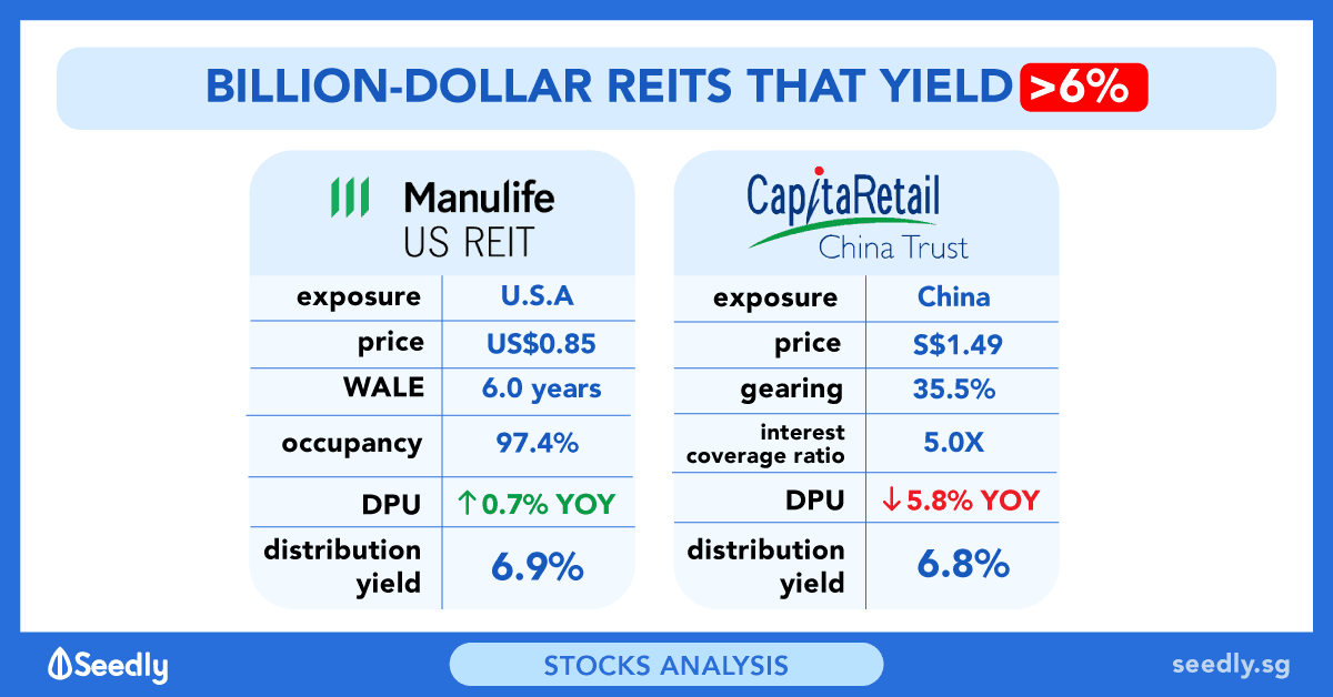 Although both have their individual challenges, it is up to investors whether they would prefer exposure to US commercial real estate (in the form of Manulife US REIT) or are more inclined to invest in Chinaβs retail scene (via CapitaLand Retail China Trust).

=====

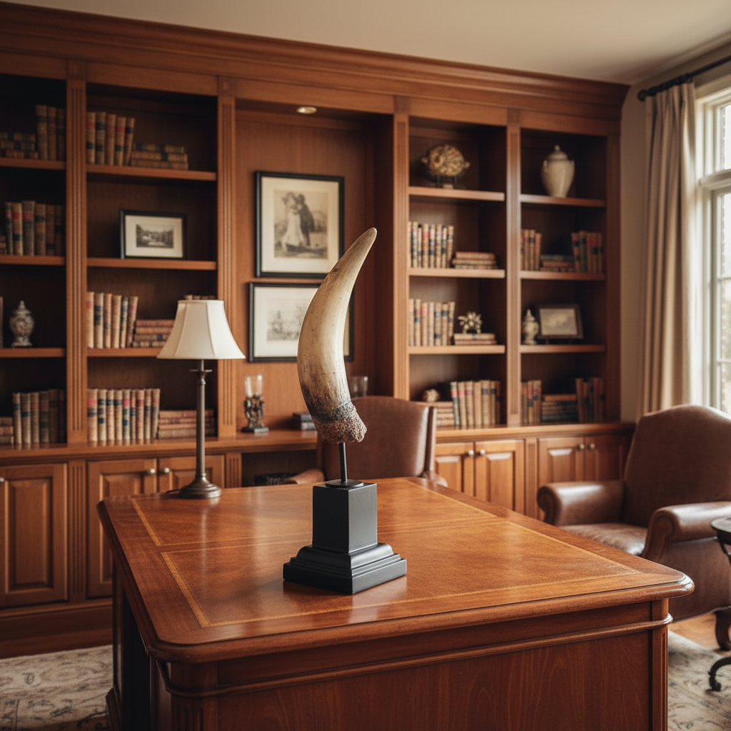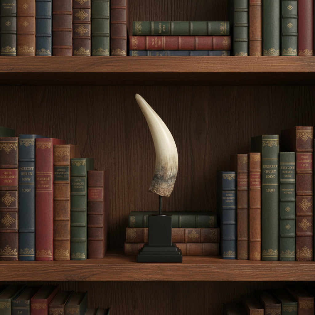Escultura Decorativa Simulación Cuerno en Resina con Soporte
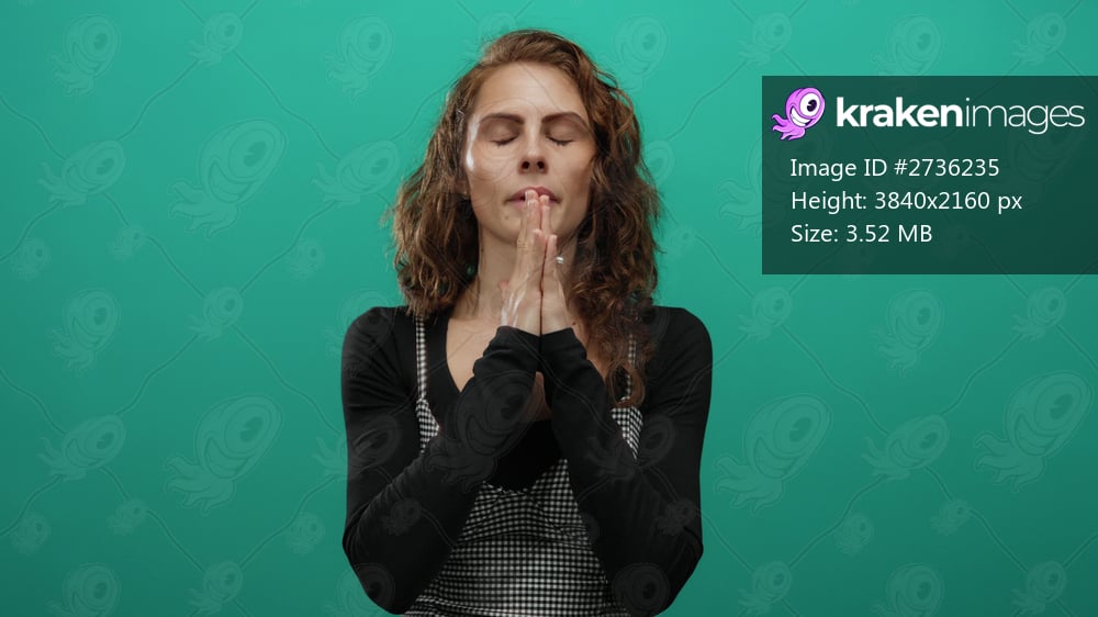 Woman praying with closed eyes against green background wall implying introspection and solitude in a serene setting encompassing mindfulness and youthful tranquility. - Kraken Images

=====

> _What is needed_
From the material above, give again exactly the lines from the one that contains "Escultura Decorativa Simulación" through the one that contains "Woman praying with", and leave out the pictures.

> _Output for this task_
Escultura Decorativa Simulación Cuerno en Resina con Soporte
 Woman praying with closed eyes against green background wall implying introspection and solitude in a serene setting encompassing mindfulness and youthful tranquility. - Kraken Images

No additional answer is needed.